_BRIEF:_ Everything from the line that contains "Size / Dimensions: 15.55" through the last line below should be transcribed exactly, except the pictures.

----

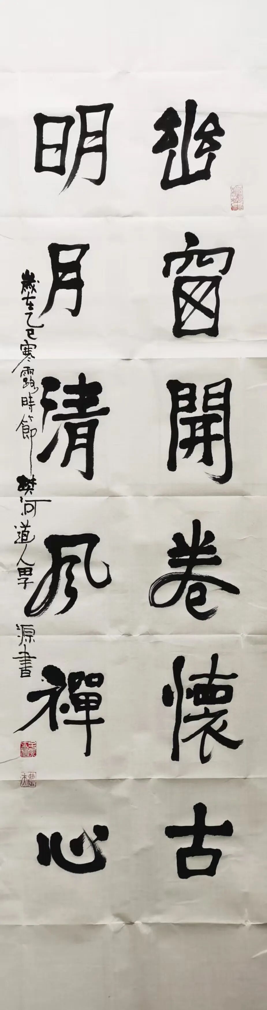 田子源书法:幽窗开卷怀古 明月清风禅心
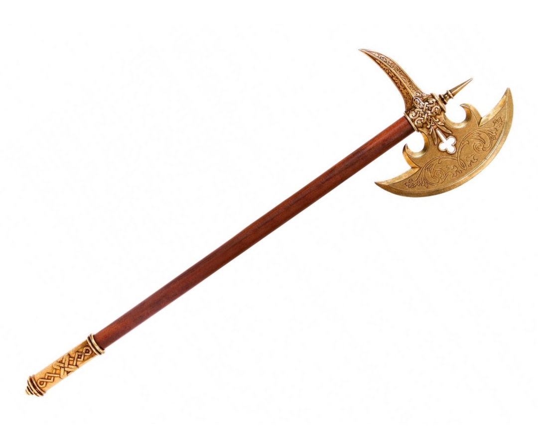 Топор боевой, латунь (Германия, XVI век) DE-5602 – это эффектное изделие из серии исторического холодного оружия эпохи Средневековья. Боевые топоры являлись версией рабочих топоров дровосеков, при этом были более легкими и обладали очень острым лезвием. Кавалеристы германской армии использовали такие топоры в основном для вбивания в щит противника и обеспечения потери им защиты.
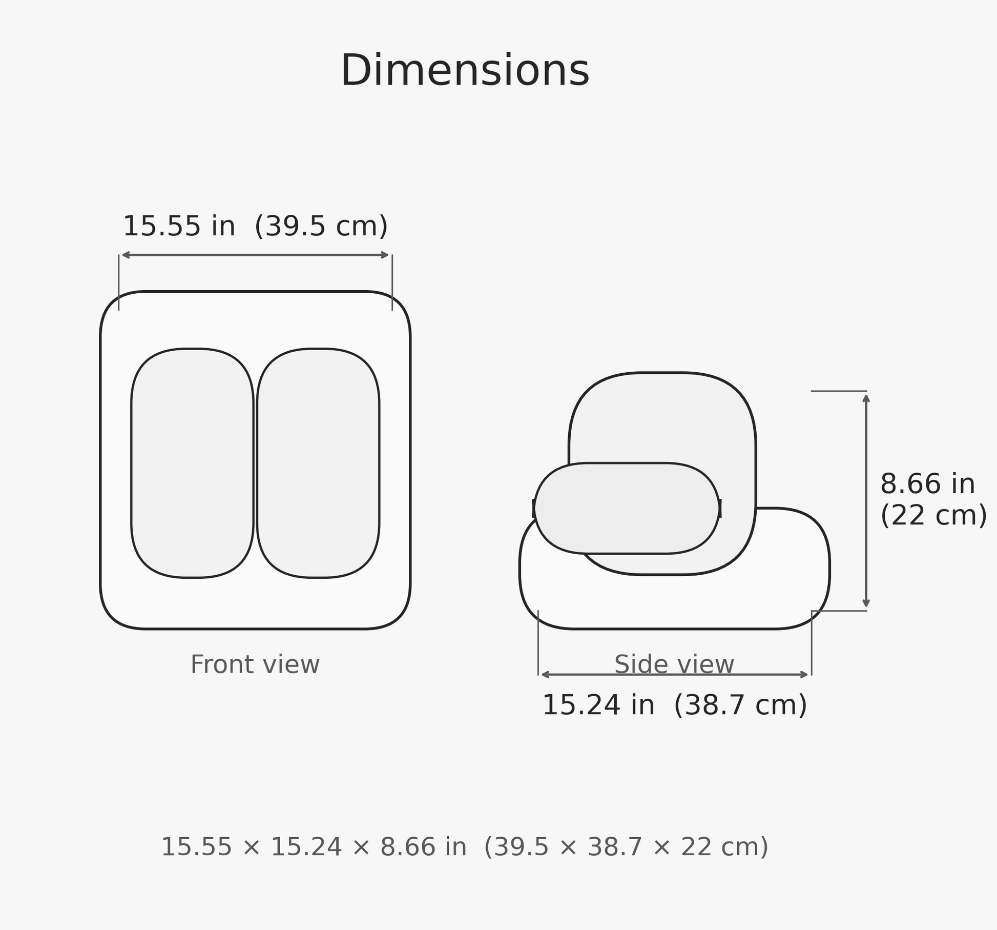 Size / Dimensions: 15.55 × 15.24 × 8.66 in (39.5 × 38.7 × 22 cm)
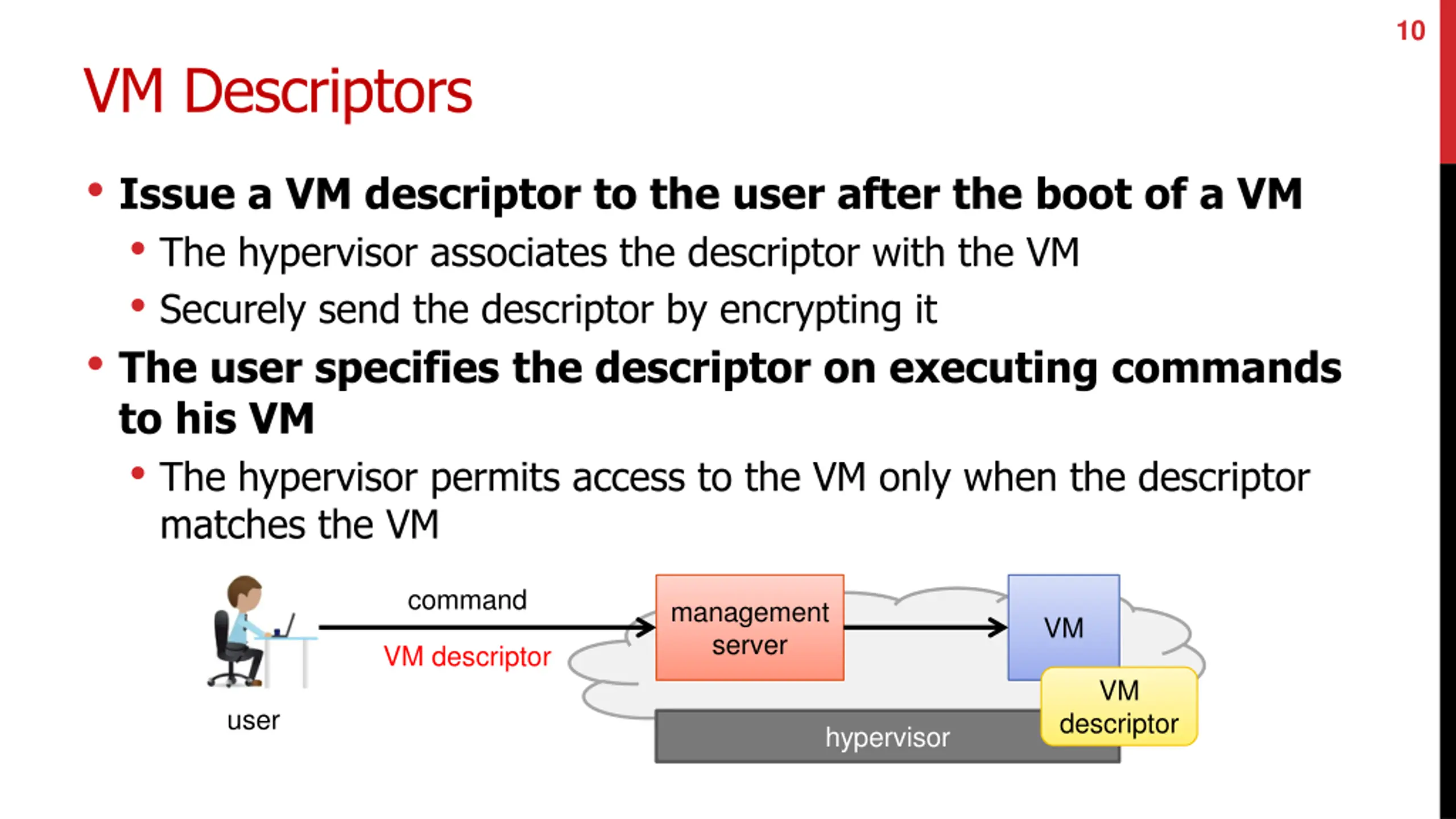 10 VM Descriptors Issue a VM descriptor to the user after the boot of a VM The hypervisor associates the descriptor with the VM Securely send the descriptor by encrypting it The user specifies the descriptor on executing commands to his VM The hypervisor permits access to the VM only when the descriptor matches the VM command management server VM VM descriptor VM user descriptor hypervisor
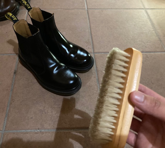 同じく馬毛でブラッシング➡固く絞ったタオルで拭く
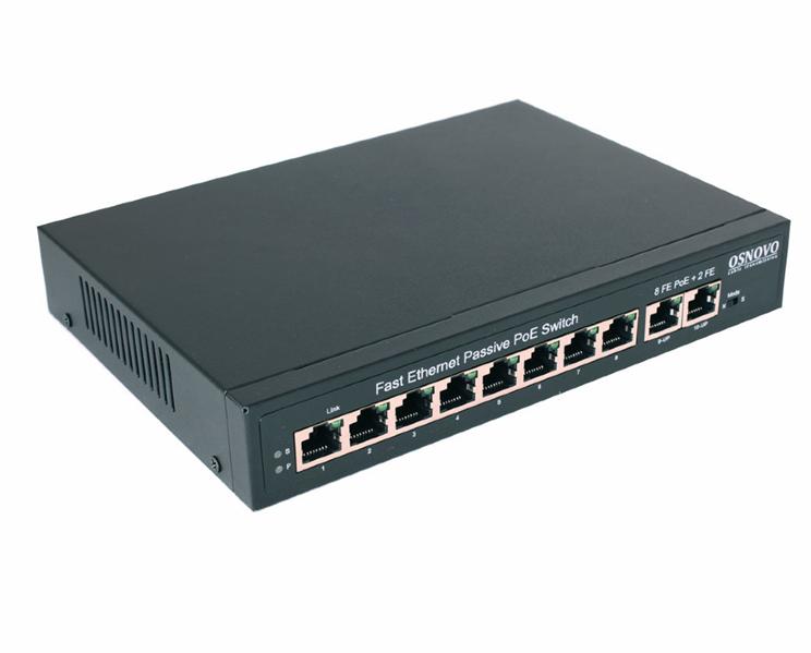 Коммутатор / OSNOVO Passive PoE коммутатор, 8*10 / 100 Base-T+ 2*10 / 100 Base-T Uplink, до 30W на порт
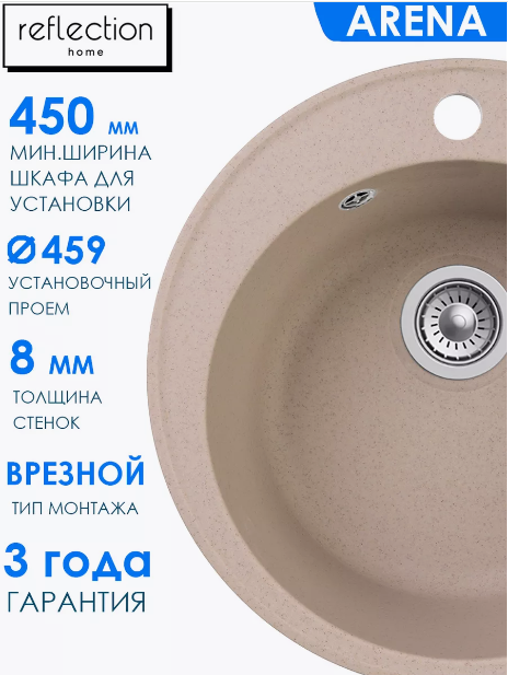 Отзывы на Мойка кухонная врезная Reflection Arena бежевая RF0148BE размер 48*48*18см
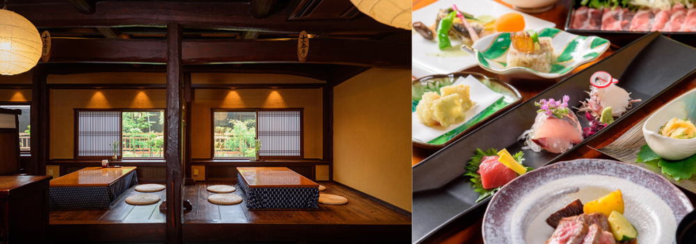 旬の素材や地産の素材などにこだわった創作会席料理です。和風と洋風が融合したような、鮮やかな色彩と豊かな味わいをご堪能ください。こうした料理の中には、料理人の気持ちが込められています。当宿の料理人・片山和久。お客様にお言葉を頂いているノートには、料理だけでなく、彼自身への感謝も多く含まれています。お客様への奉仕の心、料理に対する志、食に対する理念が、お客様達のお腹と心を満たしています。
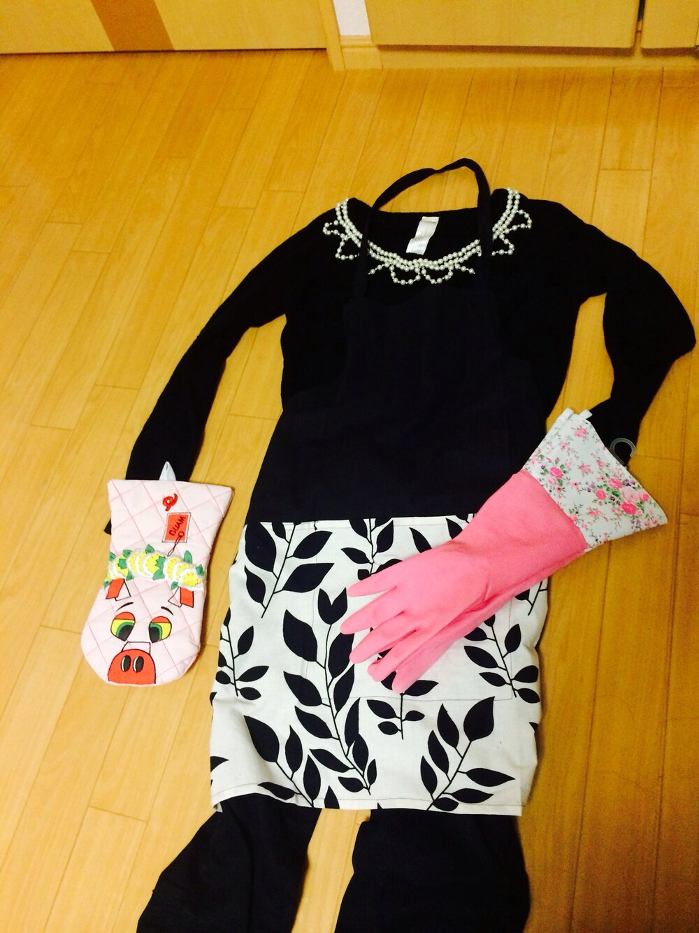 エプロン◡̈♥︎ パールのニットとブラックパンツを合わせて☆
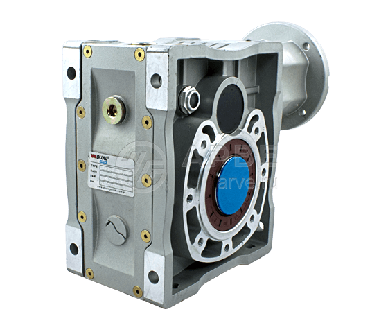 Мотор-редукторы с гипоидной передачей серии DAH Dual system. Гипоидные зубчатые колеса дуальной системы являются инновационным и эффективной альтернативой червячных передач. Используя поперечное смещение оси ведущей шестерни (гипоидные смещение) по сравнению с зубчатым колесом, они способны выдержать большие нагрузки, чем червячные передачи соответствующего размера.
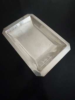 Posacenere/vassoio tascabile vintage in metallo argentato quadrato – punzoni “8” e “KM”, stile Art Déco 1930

----

_ANSWER TO THE PROBLEM:_
 Size / Dimensions: 15.55 × 15.24 × 8.66 in (39.5 × 38.7 × 22 cm)
 10 VM Descriptors Issue a VM descriptor to the user after the boot of a VM The hypervisor associates the descriptor with the VM Securely send the descriptor by encrypting it The user specifies the descriptor on executing commands to his VM The hypervisor permits access to the VM only when the descriptor matches the VM command management server VM VM descriptor VM user descriptor hypervisor
 同じく馬毛でブラッシング➡固く絞ったタオルで拭く
 Коммутатор / OSNOVO Passive PoE коммутатор, 8*10 / 100 Base-T+ 2*10 / 100 Base-T Uplink, до 30W на порт
 Отзывы на Мойка кухонная врезная Reflection Arena бежевая RF0148BE размер 48*48*18см
 旬の素材や地産の素材などにこだわった創作会席料理です。和風と洋風が融合したような、鮮やかな色彩と豊かな味わいをご堪能ください。こうした料理の中には、料理人の気持ちが込められています。当宿の料理人・片山和久。お客様にお言葉を頂いているノートには、料理だけでなく、彼自身への感謝も多く含まれています。お客様への奉仕の心、料理に対する志、食に対する理念が、お客様達のお腹と心を満たしています。
 エプロン◡̈♥︎ パールのニットとブラックパンツを合わせて☆
 Мотор-редукторы с гипоидной передачей серии DAH Dual system. Гипоидные зубчатые колеса дуальной системы являются инновационным и эффективной альтернативой червячных передач. Используя поперечное смещение оси ведущей шестерни (гипоидные смещение) по сравнению с зубчатым колесом, они способны выдержать большие нагрузки, чем червячные передачи соответствующего размера.
 Posacenere/vassoio tascabile vintage in metallo argentato quadrato – punzoni “8” e “KM”, stile Art Déco 1930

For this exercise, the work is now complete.